┌─ Records to use

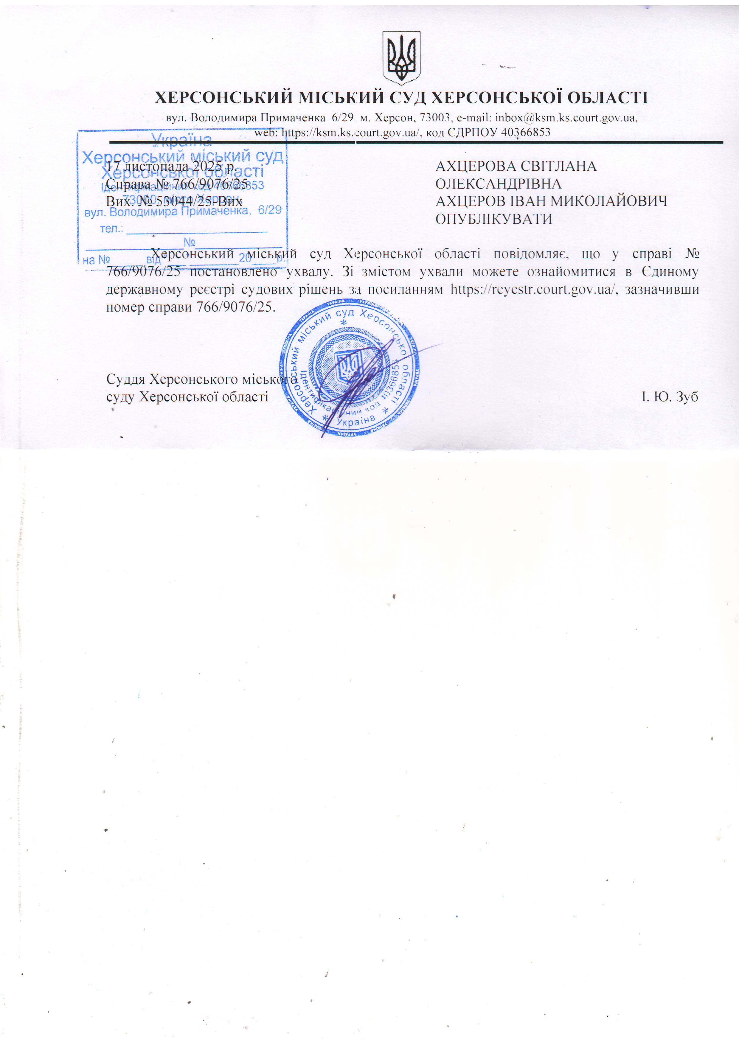 Оголошення для Ахцерової Світлани Олександрівни, Ахцерова Івана Миколайовича про постановлення ухвали
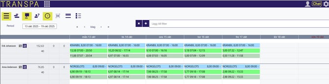 Till skillnad från er färdskrivarleverantör som visar sammanställning per dygn så visar Transpa istället färdskrivartider i jämförelse med pass och arbetstid.
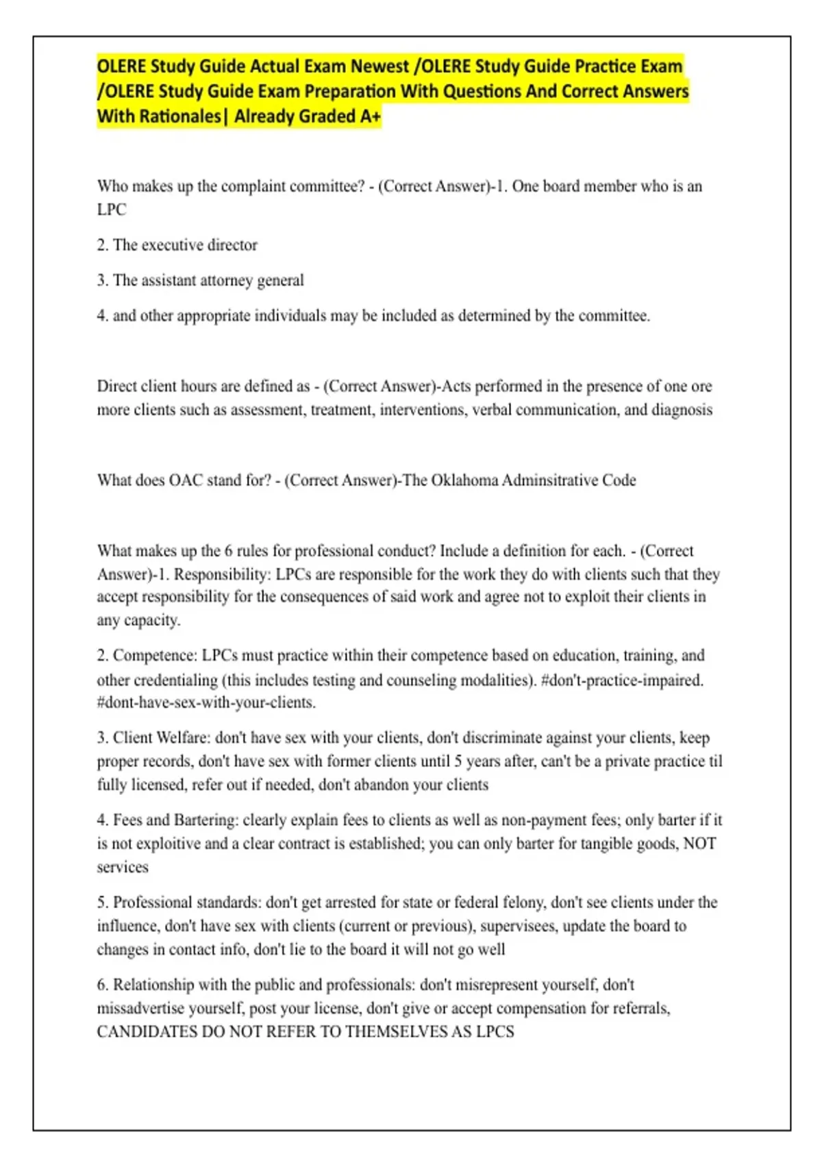 /OLERE Study Guide Exam Preparation With Questions And Correct Answers
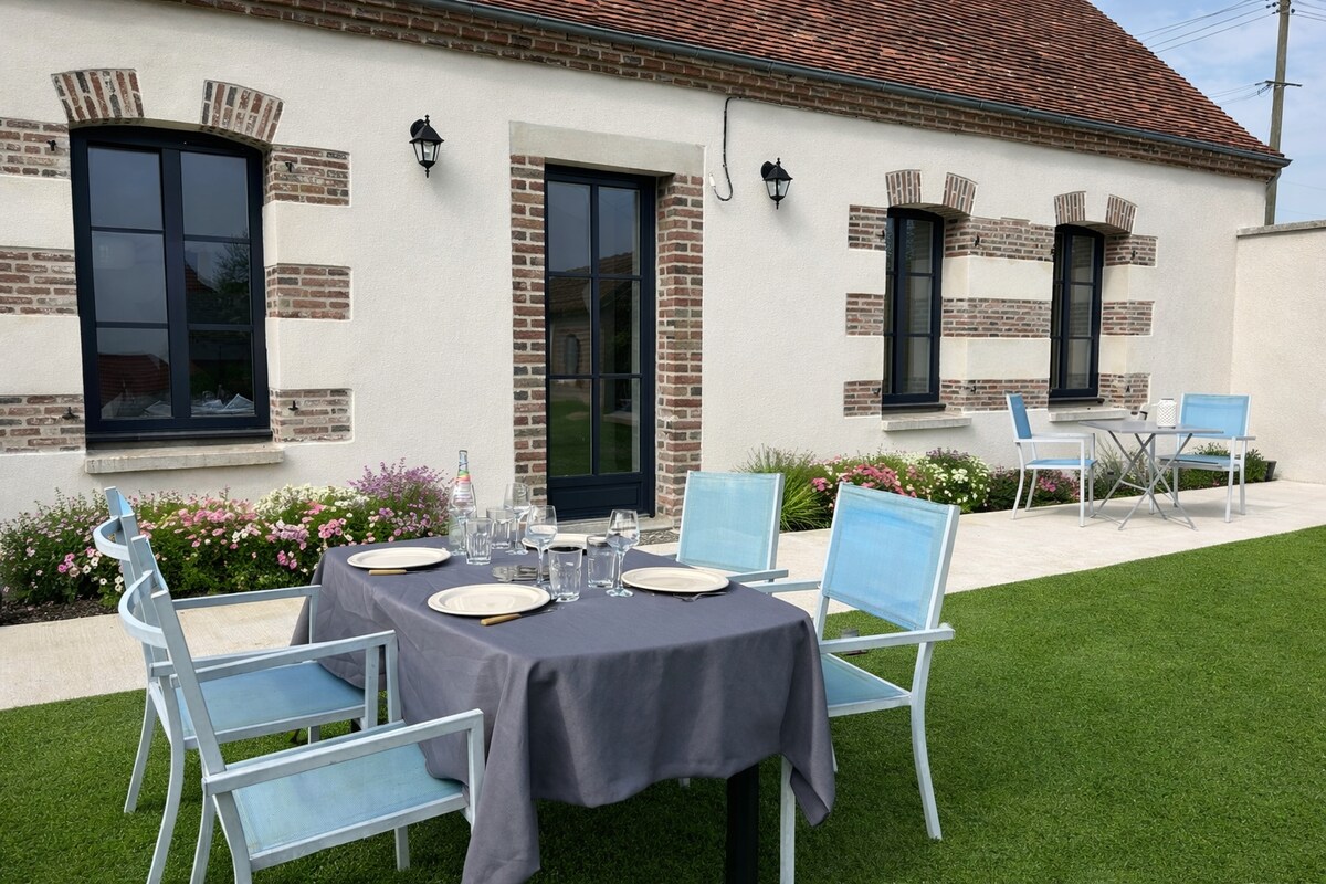 I en grønn oase, kan du nyte et romslig og fullt utstyrt for 2 til 7 personer. Den har 3 soverom, 2 bad, 2 toaletter, en stue med stor TV, en spisestue og et veldig godt utstyrt kjøkken. Stor terrasse, Wi-Fi. Beliggende i naturparken Orient-skogen, 5 km fra innsjøene, sykkelstier, i nærheten av Nigloland, golf i Orient-skogen. 15 km fra Troyes og fabrikkutsalg. Sengetøy og håndklær er inkludert
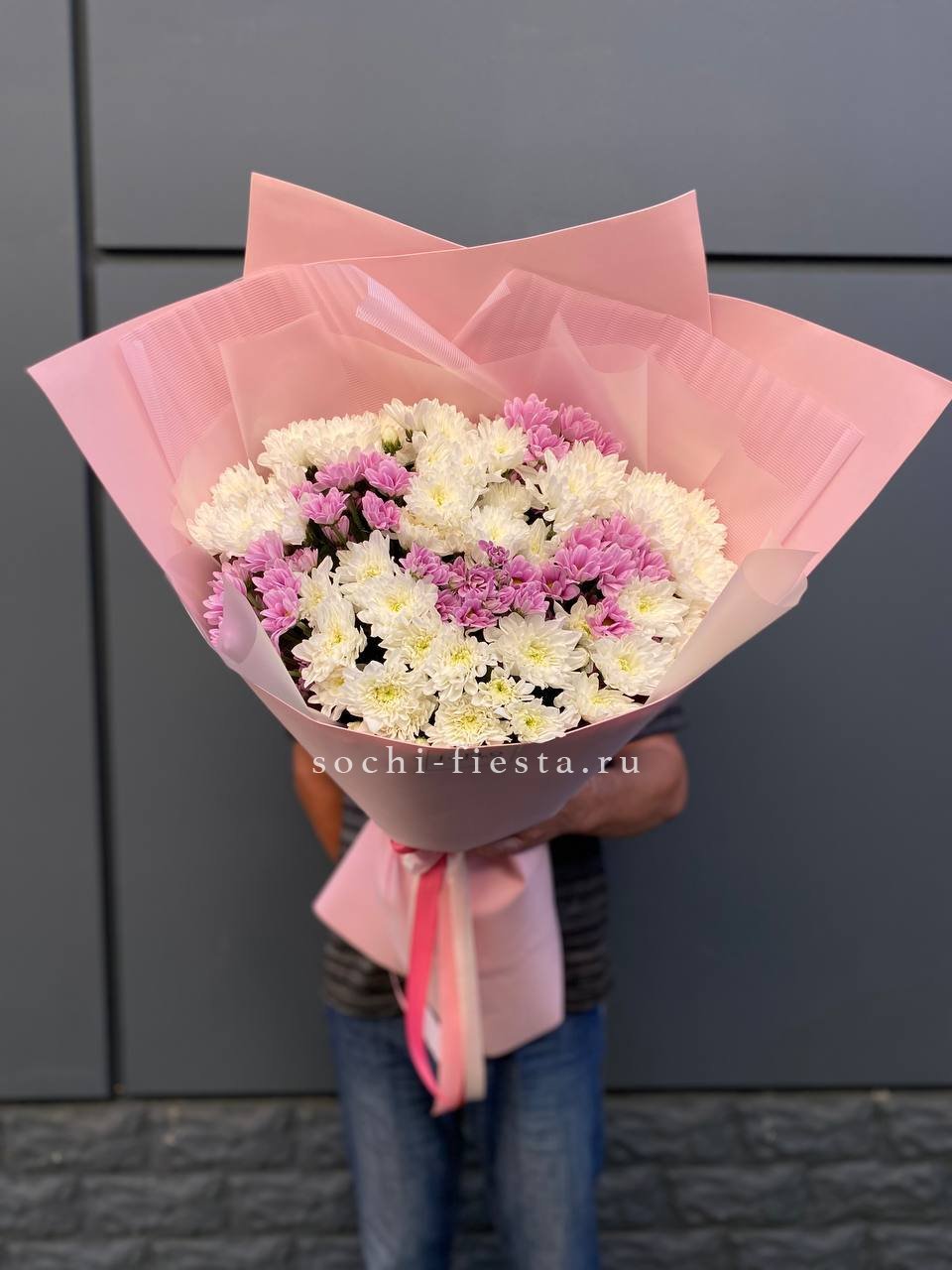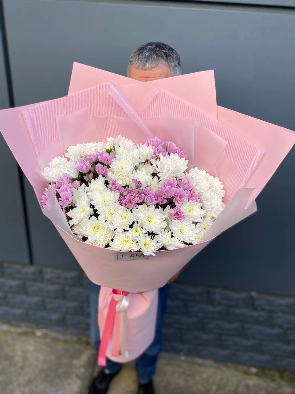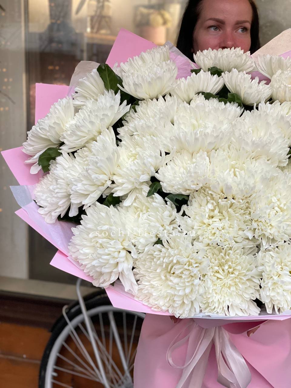 Пятнадцать веток кустовой хризантемы в натуральном крафте. Множество мелких соцветий формируют пышную шапку с естественной россыпью бутонов, подчёркнутую простотой оформления.
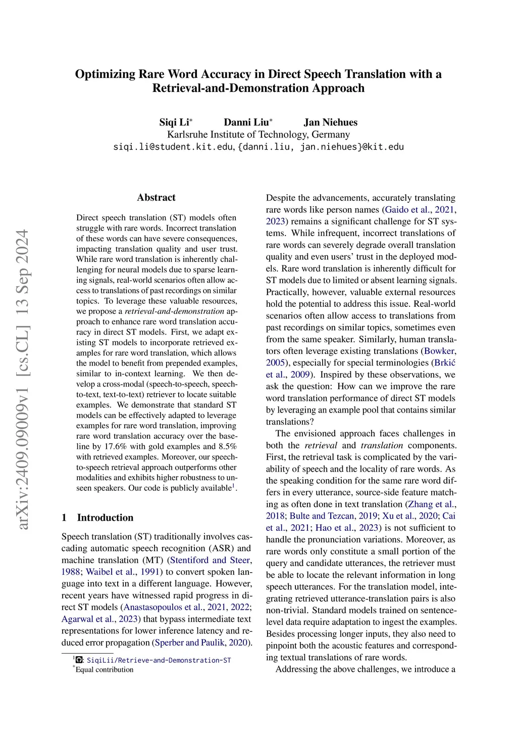 Direct speech translation (ST) models often struggle with rare words. Incorrect translation of these words can have severe consequences, impacting translation quality and user trust. While rare word translation is inherently challenging for neural models due to sparse learning signals, real-world scenarios often allow access to translations of past recordings on similar topics. To leverage these valuable resources, we propose a retrieval-and-demonstration approach to enhance rare word translation accuracy in direct ST models. First, we adapt existing ST models to incorporate retrieved examples for rare word translation, which allows the model to benefit from prepended examples, similar to in-context learning. We then develop a cross-modal (speech-to-speech, speech-to-text, text-to-text) retriever to locate suitable examples. We demonstrate that standard ST models can be effectively adapted to leverage examples for rare word translation, improving rare word translation accuracy over the baseline by 17.6% with gold examples and 8.5% with retrieved examples. Moreover, our speech-to-speech retrieval approach outperforms other modalities and exhibits higher robustness to unseen speakers. Our code is publicly available (https://github.com/SiqiLii/Retrieve-and-Demonstration-ST).
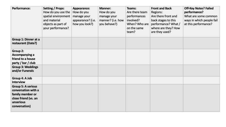 October 23, 2020 by mob201 Applying Goffman Exercise Share this: Click to share on X (Opens in new window) X Click to share on Facebook (Opens in new window) Facebook Like Loading...
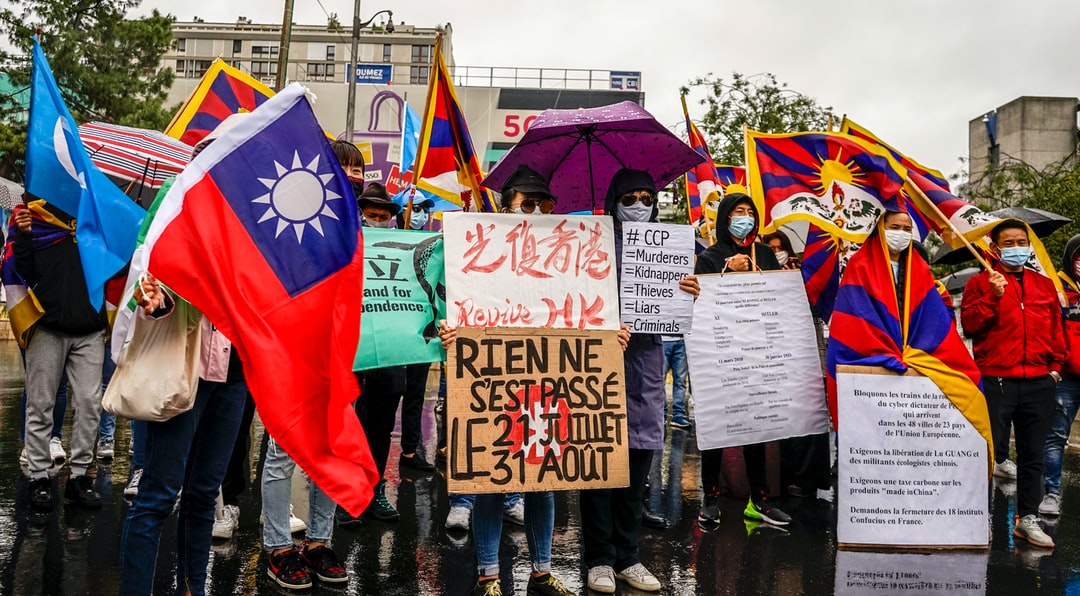 人们白天拿着旗子走在街上
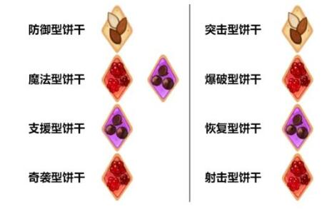 成分cookie可分为8类,即防御cookie、魔法cookie、支持cookie、惊喜cookie、攻击cookie、爆炸cookie、恢复cookie和射击cookie。
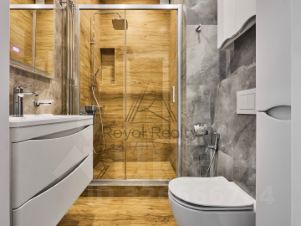 В квартире два совмещённых санузла — с душевой кабиной и ванной, что особенно удобно для семьи или пары.
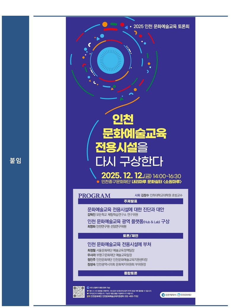 토론회에서는 김혁진 모든학교 체험학습연구소 연구위원이 ‘문화예술교육 전용시설에 대한 진단과 대안’을, 최영화 인천연구원 선임연구위원이 ‘인천 문화예술교육 광역 플랫폼 구상’을 주제로 발표한다. 이어 장성숙 인천광역시의회 문화복지위원회 부위원장, 최정필 서울문화재단 예술교육정책팀장, 우사라 부평구문화재단 예술교육팀장, 정진주 인천문화재단 인천문화예술교육지원센터장이 토론자로 참여하여 인천 문화예술교육 전용시설에 관한 다양한 제언을 나눌 예정이다.
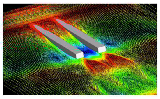 The problem was solved by means of stochastic radial-basis function (SRBF) interpolation [] of high-fidelity unsteady Reynolds-averaged Navier–Stokes (URANS) simulations (CFDShip-Iowa v4.5 []). Further details on design variables, objective functions, constraints, and conditions can be found in []. A snapshot of the catamaran behavior in irregular head waves computed by the URANS solver is shown in Figure 4.
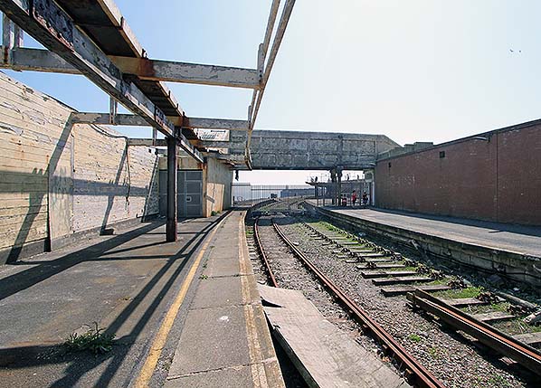 Folkestone Harbour station looking south-east from platform 1 towards the pier in May 2014. The footbridge was built in 1938 when the down platform was extended. The previous lattice footbridge was demolished in 1920.
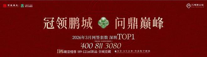 这股热销势能,鹏宸云筑楼盘在2026年第一季度迎来高光时刻,连夺三项热销榜单:一举夺得3月深圳网签套数TOP1,荣登第一季度龙华区新房业绩TOP1,跻身第一季度深圳全市销量TOP2。(数据来源:克尔瑞)。
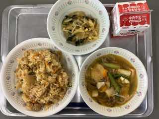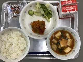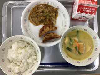 今日のメニューは、揚げぎょうざ、豚肉ときゃべの味噌炒め、豆乳入り中華スープです。
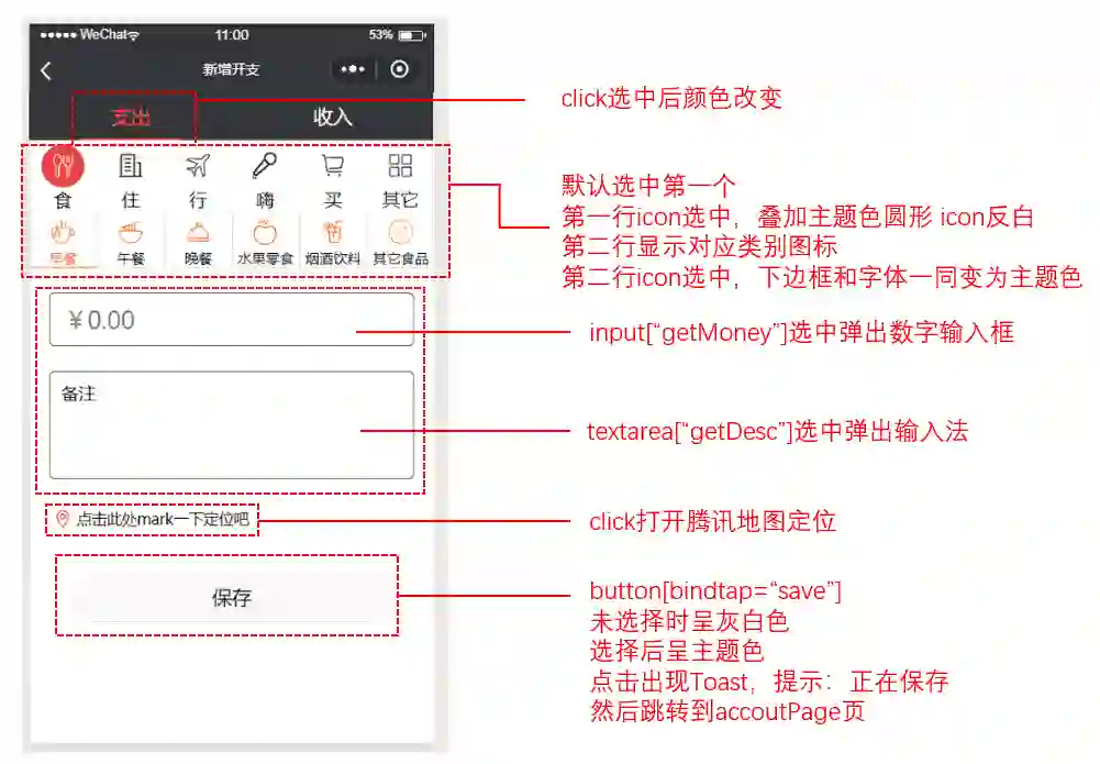 因为收入与支出页面基本类似,所以使用自定义组件封装,可以复用,具体看源码。
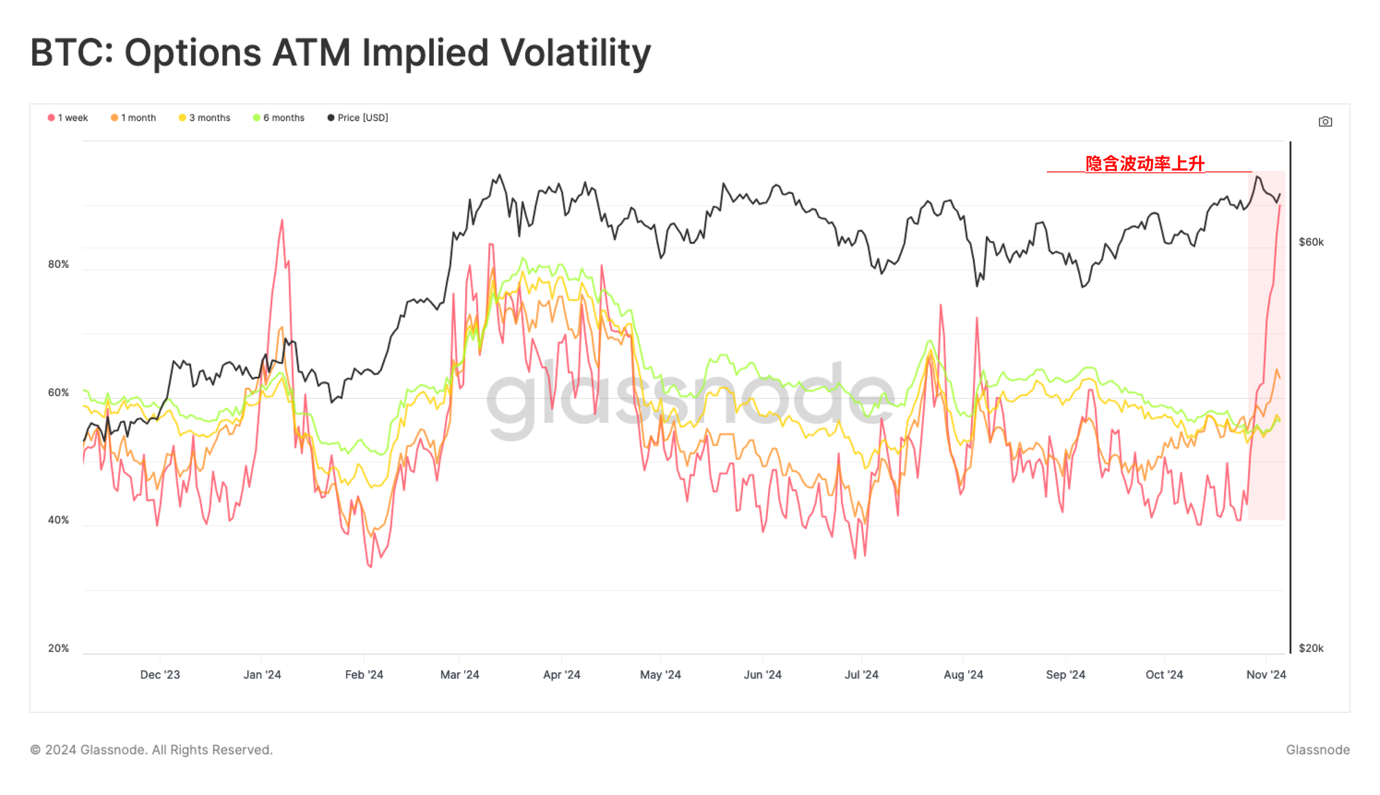 这一预期波动性增加的想法也反映在期权隐含波动率(IV)中,

└─

**Problem statement:** Copy nothing past the line containing "Пятнадцать веток кустовой": reproduce every line from the start of the records up to it, skipping pictures.

**Exercise output:**
 Оголошення для Ахцерової Світлани Олександрівни, Ахцерова Івана Миколайовича про постановлення ухвали
 Till skillnad från er färdskrivarleverantör som visar sammanställning per dygn så visar Transpa istället färdskrivartider i jämförelse med pass och arbetstid.
 /OLERE Study Guide Exam Preparation With Questions And Correct Answers
 I en grønn oase, kan du nyte et romslig og fullt utstyrt for 2 til 7 personer. Den har 3 soverom, 2 bad, 2 toaletter, en stue med stor TV, en spisestue og et veldig godt utstyrt kjøkken. Stor terrasse, Wi-Fi. Beliggende i naturparken Orient-skogen, 5 km fra innsjøene, sykkelstier, i nærheten av Nigloland, golf i Orient-skogen. 15 km fra Troyes og fabrikkutsalg. Sengetøy og håndklær er inkludert
 Пятнадцать веток кустовой хризантемы в натуральном крафте. Множество мелких соцветий формируют пышную шапку с естественной россыпью бутонов, подчёркнутую простотой оформления.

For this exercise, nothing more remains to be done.